[ENH] Add read_folderfiles() function #104

jcvall · 2019-01-05T00:22:27Z

I find myself loading a lot of files from a folder. I would use glob library for this but it is a lot to write out. For example I will write:

path ="C:/Finance/Month End/2018/CSV Imports YTD"
files_xls = glob.glob(path + "/*.csv")
df = pd.DataFrame()

for f in files_xls:
data1 = pd.read_csv(f,skiprows=0,low_memory=False,encoding="cp1252")
data1['File_Name'] = (f)
#data2['File_Name'] = (f)
data1.append(data1,ignore_index=True)
df = df.append(data1,ignore_index=True)

Somthing like this would be easier:

read_folderfiles( path = "", extension ="", encoding = "", add_filenames = True)

thoughts?
I can try to create this if you like.

ericmjl · 2019-01-05T05:51:33Z

@jcvall this sounds like a great idea! Before you go too deep into this, do have you seen any nice implementation of the functionality? For example, from a cursory search, I saw this implementation which looks nice!
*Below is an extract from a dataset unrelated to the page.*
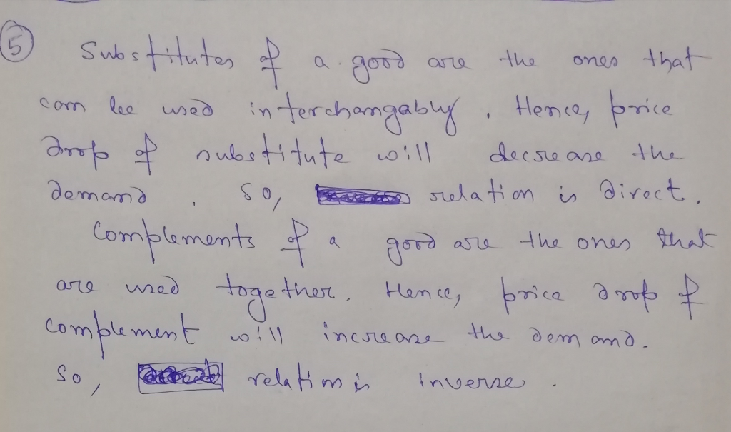 B) directly with the prices of substitutes and inversely with the prices of complements.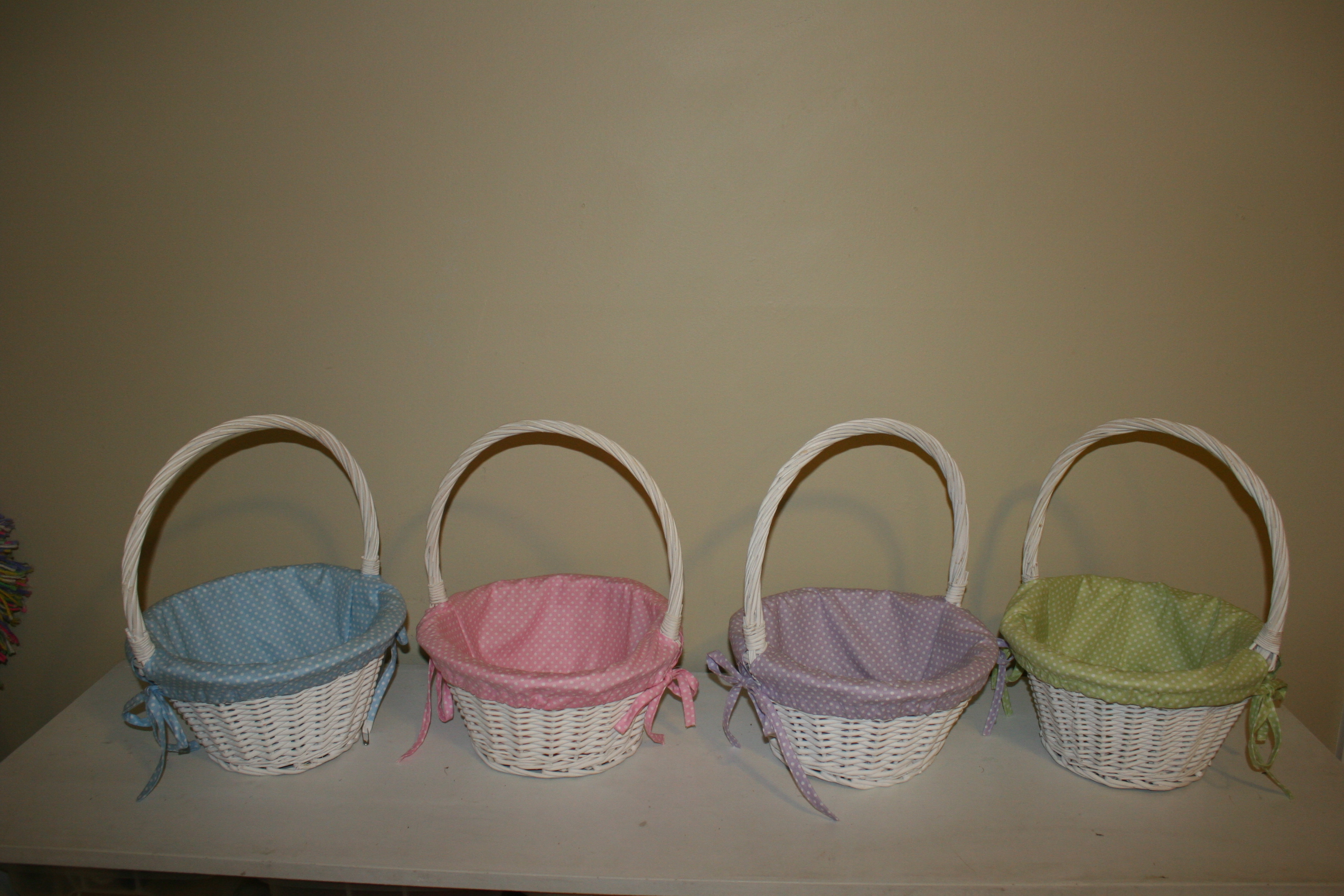 This year I did finally make new liners for them to replace the old ones. I had something different in mind, but my children liked the spring colors with white polka dots. With cloth liners, there is no need to even consider the horrible plastic grass we had as kids (not that you would anyway).

As for the function signature, what do you think about the following design?

import pandas as pd
from typing import Union
from pathlib import Path

def read_csvs(df: pd.DataFrame, directory: Union[str, Path], pattern: str, filetype: str**kwargs):
    """
    :param df: A pandas dataframe.
    :param directory: The directory that contains the CSVs.
    :param pattern: The pattern of csvs to match.
    :param kwargs: Keyword arguments to pass into `read_csv`.
    """

I chose read_csvs because it is a plural version of read_csv, and hence easily carries the meaning of the original function, and I think read_csv is the most commonly used file I/O function in pandas (at least for me, it is). For a starter version of the function, it'd probably also be enough scope; I think we can wait for the case where others need read_xlss or read_hdfs to have a contribution from them.
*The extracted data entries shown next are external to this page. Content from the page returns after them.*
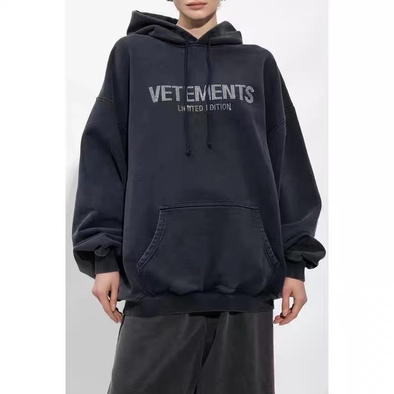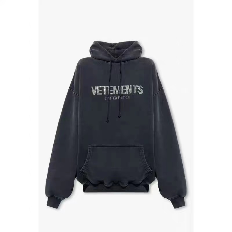 Черное худи VETEMENTS с логотипом из страз и карманом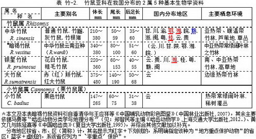 具国际影响力的Wilson and Reeder《世界哺乳动物物种》(2005)新分类系统中,我国分布的鼹形鼠科竹鼠亚科为2属4种,我国汪松等《中国物种红色名录》(2004)、郑智民(马勇)等《啮齿动物学》(2012)皆采此说,潘清华与王应祥等(2007)则将原中华竹鼠云南亚种订正为暗褐竹鼠Rhizomys vestitus,列为独立物种。为便于读者了解,今将该5种竹鼠的基本生物学资料一并列于表 竹-2。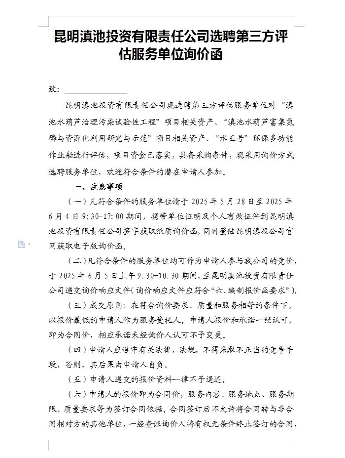 昆明滇池投資有限責(zé)任公司選聘第三方評估服務(wù)單位詢價函

What are your thoughts? Naturally, happy to leave the implementation details to you. Don't forget that a test for such a function would require multiple dummy csv files (which could be really dummy, 3 rows per file kind of data).
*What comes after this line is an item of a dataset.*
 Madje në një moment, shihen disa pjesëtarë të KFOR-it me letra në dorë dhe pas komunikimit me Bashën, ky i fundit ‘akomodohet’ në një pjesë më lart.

jcvall · 2019-01-05T14:12:13Z

Thanks, Sounds great. Just going to add, the idea generally came to me, when I use R I find myself using the readbulk library. And yes, I do like your idea for read_csvs, maybe later work on read_xlsxs.

_{Sent with GitHawk}

ericmjl · 2019-01-05T18:11:33Z

Ok! Looking forward to your contribution. 😄 Thanks for being active with the project!

jcvall · 2019-01-16T02:28:44Z

Don’t want you to think I dropped off this one. My personal goal is to have this in good shape before the months end.

_{Sent with GitHawk}

jcvall · 2019-02-15T01:21:09Z

Sorry I have been away for a while. I am happy to say I have been hired as a data analyst just last week and will be coding in python and r full time. I am catching up on the conversations and want to let you know I will go with what you think is best for releases. I been working on the read_csvs() function and will submit it soon. Should I do anything special for the branch when I do?

_{Sent with GitHawk}

ericmjl · 2019-02-15T03:15:33Z

I am happy to say I have been hired as a data analyst just last week and will be coding in python and r full time.

Congratulations! This is a wonderful opportunity to continue in the data world 😄.

Should I do anything special for the branch when I do?

Yes, be sure to update your fork!

There's a few ways to do this - the easiest is to delete your fork (on GitHub and locally) and then fork from my master again.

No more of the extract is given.